[DIRECTIONS]: Would you please write out only the lines running from the top of the listing through the one holding "준비가 된 듯한 하성이는", exactly, with both ends kept and pictures left out?

[DATA EXTRACT]:

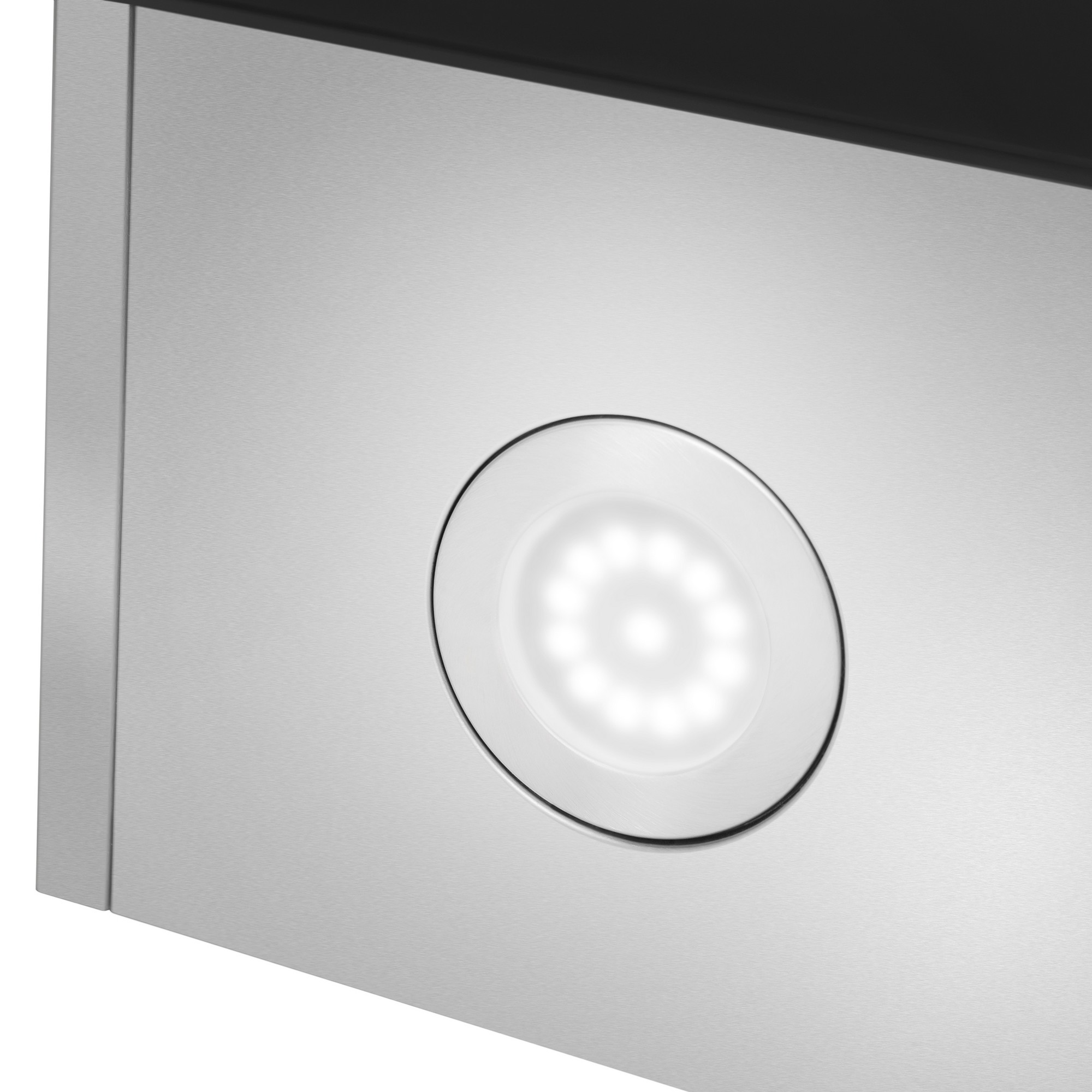 Кухонная вытяжка MAUNFELD MERSEY 90 Inox Glass BLACK шириной 90 см монтируется на стену над варочной панелью. Оптимальное решение для кухни площадью до 40 кв.м.
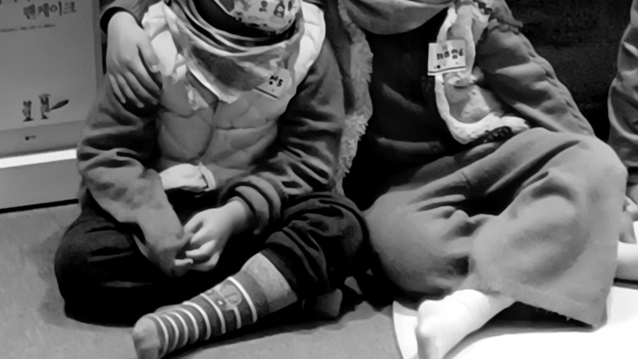 준비가 된 듯한 하성이는 아빠하고 같이 들어가겠다고 했다. 조용히 들어가 누나 옆에 앉혔다. 하임이는 책 선생님이 읽어주는 동화책에 시선을 고정한 채, 늦게 들어와 자기 옆에 앉은 동생의 어깨에 손을 올리고 토닥여주었다. 그 뒤로도 책을 보다가 이따금씩 하성이 어깨에 자그마한 손을 얹어서 토닥여주는 걸 잊지 않았다. 유리창 너머로 자기를 보고 있는 아빠에게 괜찮다는 눈길을 주는 것도 함께였다. 하임이가 품었던 그 마음은 나를 위로하고 안정시킬 만큼이나 컸다.
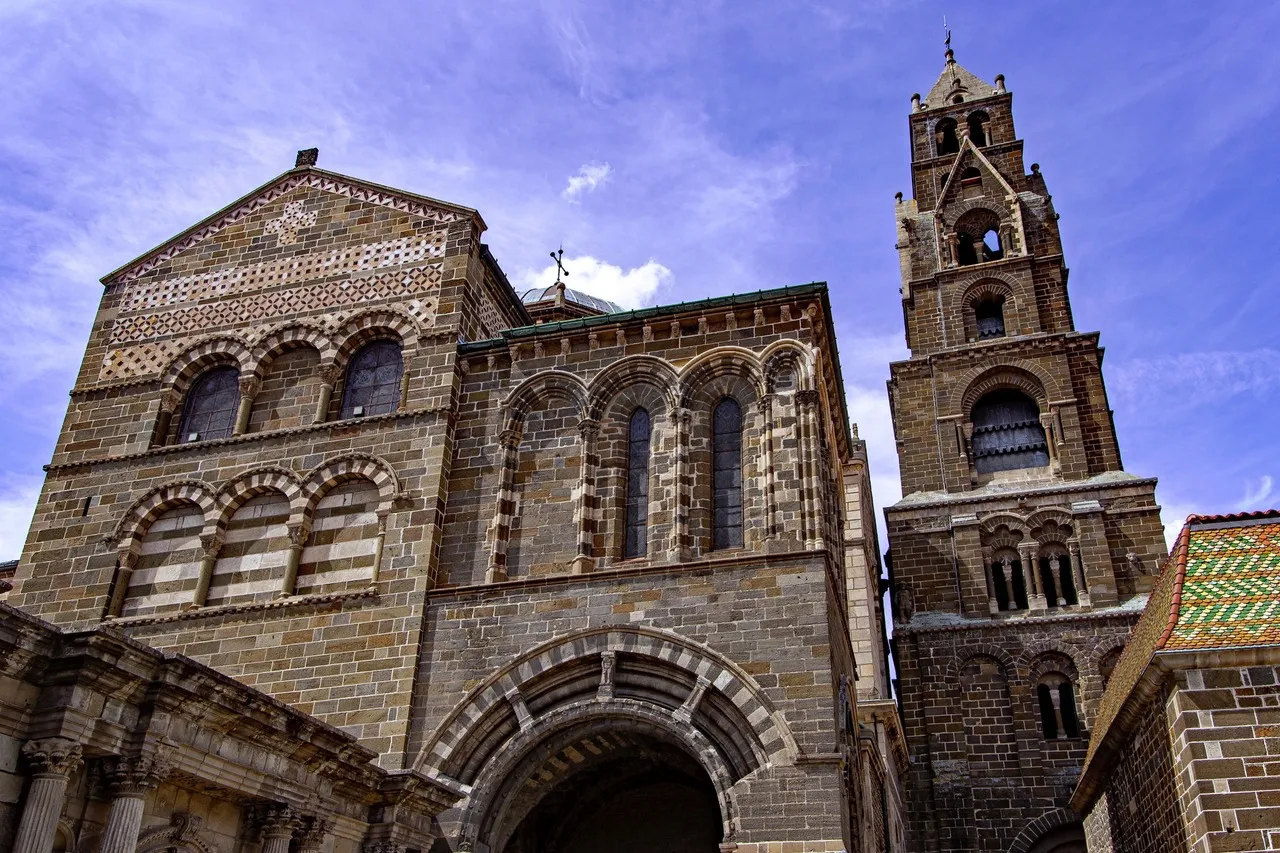 La Cathédrale Notre-Dame-du-Puy est célèbre pour son architecture romane unique, construite au sommet d'un ancien éperon volcanique au Puy-en-Velay. Les amateurs de photographie apprécieront de capturer la façade saisissante de la cathédrale, en particulier le portail complexe orné d'œuvres d'art reflétant diverses influences, notamment byzantine, mauresque et romane. L'intérieur abrite une Vierge noire, pièce maîtresse lors des pèlerinages, offrant un sujet photographique spirituel. La vue panoramique depuis la terrasse de la cathédrale surplombe le paysage urbain distinctif du Puy-en-Velay, un endroit idéal pour capturer des clichés au lever ou au coucher du soleil encadrés par les paysages volcaniques anciens.
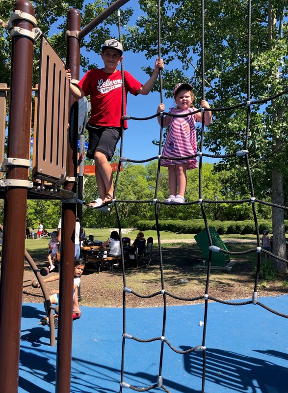 either watching the lacrosse games or enjoying the structures in the playgrounds."

[COMPLETED EXERCISE]:
 Кухонная вытяжка MAUNFELD MERSEY 90 Inox Glass BLACK шириной 90 см монтируется на стену над варочной панелью. Оптимальное решение для кухни площадью до 40 кв.м.
 준비가 된 듯한 하성이는 아빠하고 같이 들어가겠다고 했다. 조용히 들어가 누나 옆에 앉혔다. 하임이는 책 선생님이 읽어주는 동화책에 시선을 고정한 채, 늦게 들어와 자기 옆에 앉은 동생의 어깨에 손을 올리고 토닥여주었다. 그 뒤로도 책을 보다가 이따금씩 하성이 어깨에 자그마한 손을 얹어서 토닥여주는 걸 잊지 않았다. 유리창 너머로 자기를 보고 있는 아빠에게 괜찮다는 눈길을 주는 것도 함께였다. 하임이가 품었던 그 마음은 나를 위로하고 안정시킬 만큼이나 컸다.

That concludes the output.